Ses hommes hurlèrent et en firent de même, mitraillant tout autour d’eux. Le combat fut bref mais intense. Les soldats locaux, surpris et pris entre deux feux, ne résistèrent pas longtemps. Ceux qui survécurent se jetèrent à l’eau pour tenter de fuir. Pendant ce temps, les zodiacs se rapprochèrent, et on leur jeta des échelles de corde. Les contrebandiers montèrent les uns à la suite des autres. Enfin, vint le tour d’Aasmi, dernière à être restée en bas. Alors qu’elle allait commencer l’ascension, un main s’agrippa à sa cheville, et la tira avec force vers le bas. Elle perdit l’équilibre – déjà instable sur le pneumatique – et bascula à l’eau. Elle ferma les yeux, tentant de se protéger du sel, et se débattit pour échapper à la poigne du soldat qui l’avait traînée sous la surface.

« Aasmi ! Hurla Eza avant de plonger tête la première. »

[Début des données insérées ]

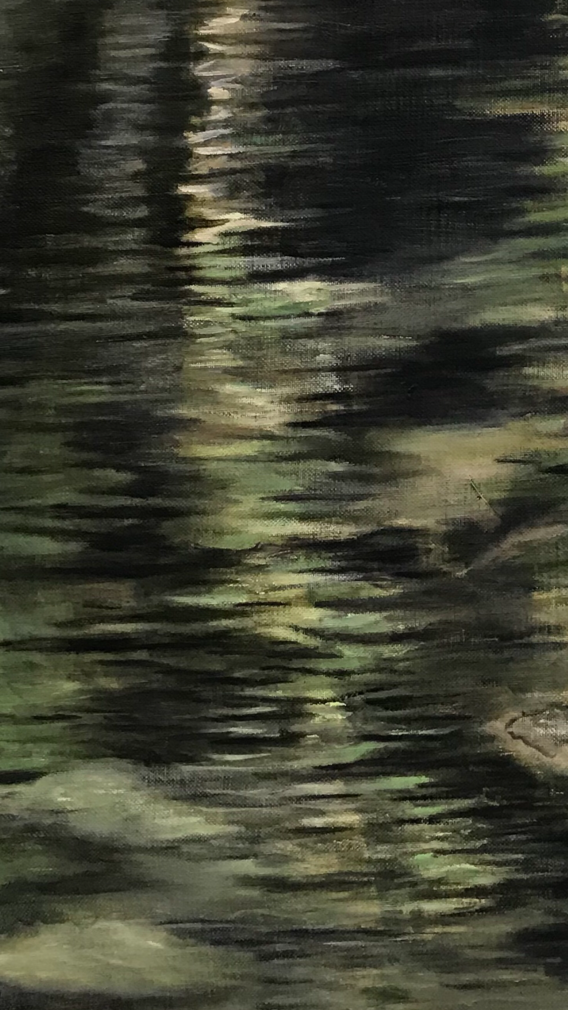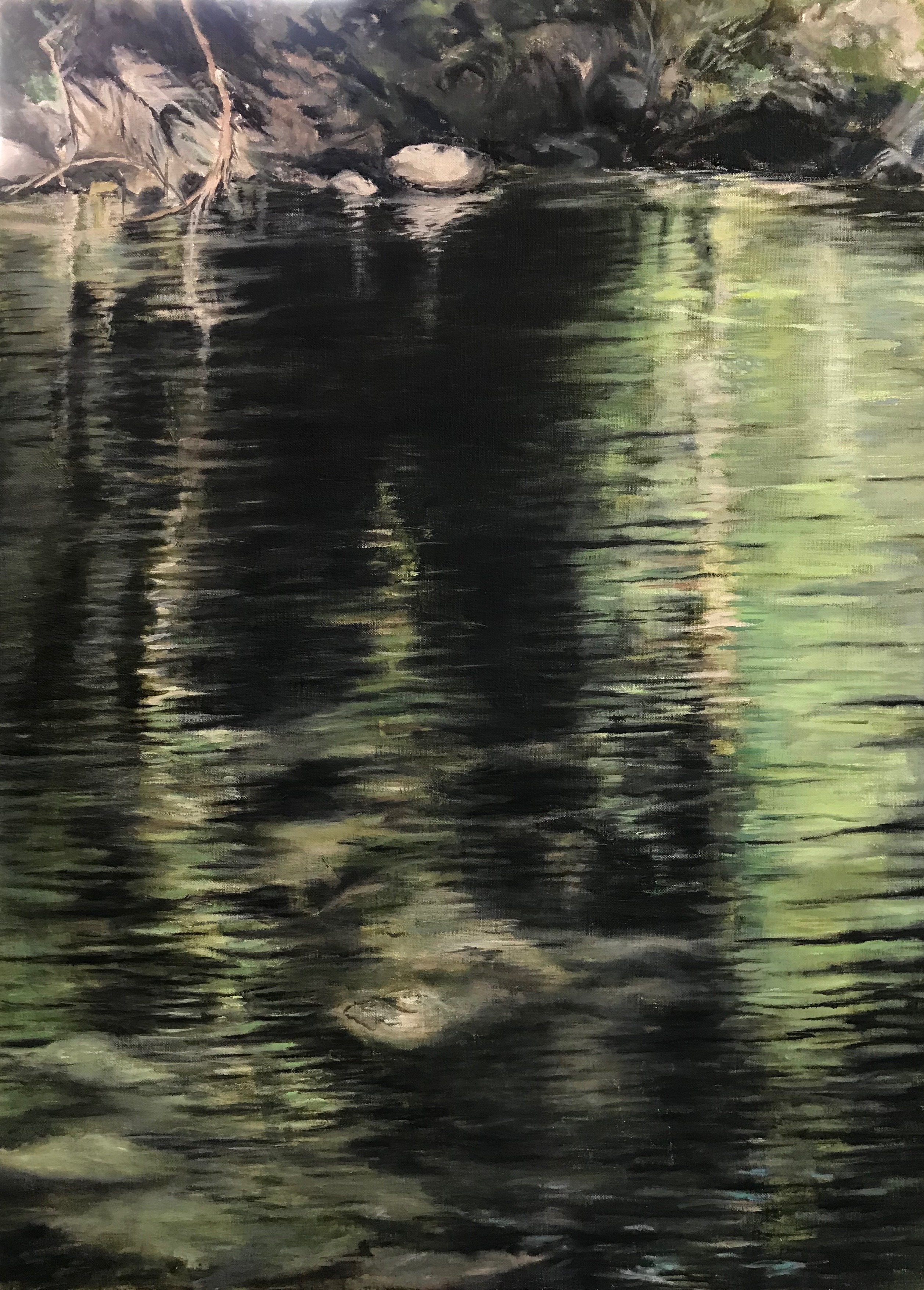 TONALITATS DE VERDS, OCRES I NEGRE VAN DEFININT ELS DIFERENTS NIVELLS I DISTÀNCIES DEL QUE ES REFLEXA EN L’AIGUA.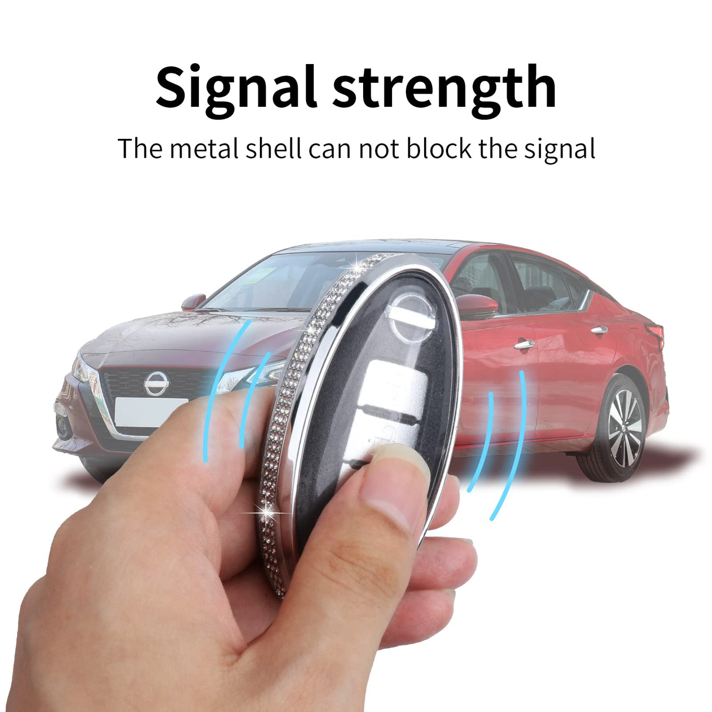 Ruabiban For Nissan Key Fob Cover With Keychain, Pink Leather Crystal Key Case Protection Shell Compatible With Nissa 5 Buttons

Sous l’eau, Aasmi se débattait comme elle pouvait, mais l’homme avait une poigne incroyable, et il la serrait avec force pour l’empêcher de remonter à la surface. Il devait compter sur le fait qu’il pouvait retenir sa respiration plus longtemps qu’elle, habitué qu’il était à plonger pour aller pêcher. Aasmi, elle n’était habituée ni à retenir sa respiration, ni à se détendre pour consommer son air moins vite. Aussi, ses poumons se mirent-ils à la brûler très vite très fort. Elle avait de plus en plus besoin d’air, et son cerveau, en train de vriller, lui affirmait qu’elle pouvait respirer sous l’eau. Elle luttait de toute ses forces – pour s’empêcher d’ouvrir la bouche comme pour échapper à l’homme – mais de plus en plus faiblement. Elle allait céder à l’impulsion et se noyer, lorsque la poigne de l’homme se relâcha brusquement. Une main l’attrapa sous les épaules et la ramena à toute vitesse vers la surface.

La capitaine ouvrit la bouche, et avala une goulée d’air avec avidité. Elle se débattait toujours, la respiration sifflante, battant l’eau de ses mains et éclaboussant tout autour d’elle. Il lui fallut une bonne demi-minute pour avoir à nouveau assez d’oxygène et parvenir à se calmer. Eza la tenait toujours pour l’empêcher de replonger, et la calmer. Elle la guida vers le pneumatique, à bord duquel elles se hissèrent avec peine. Après encore une ou deux minutes pour reprendre leur souffle, elles grimpèrent l’échelle de corde, puis on remonta les zodiacs.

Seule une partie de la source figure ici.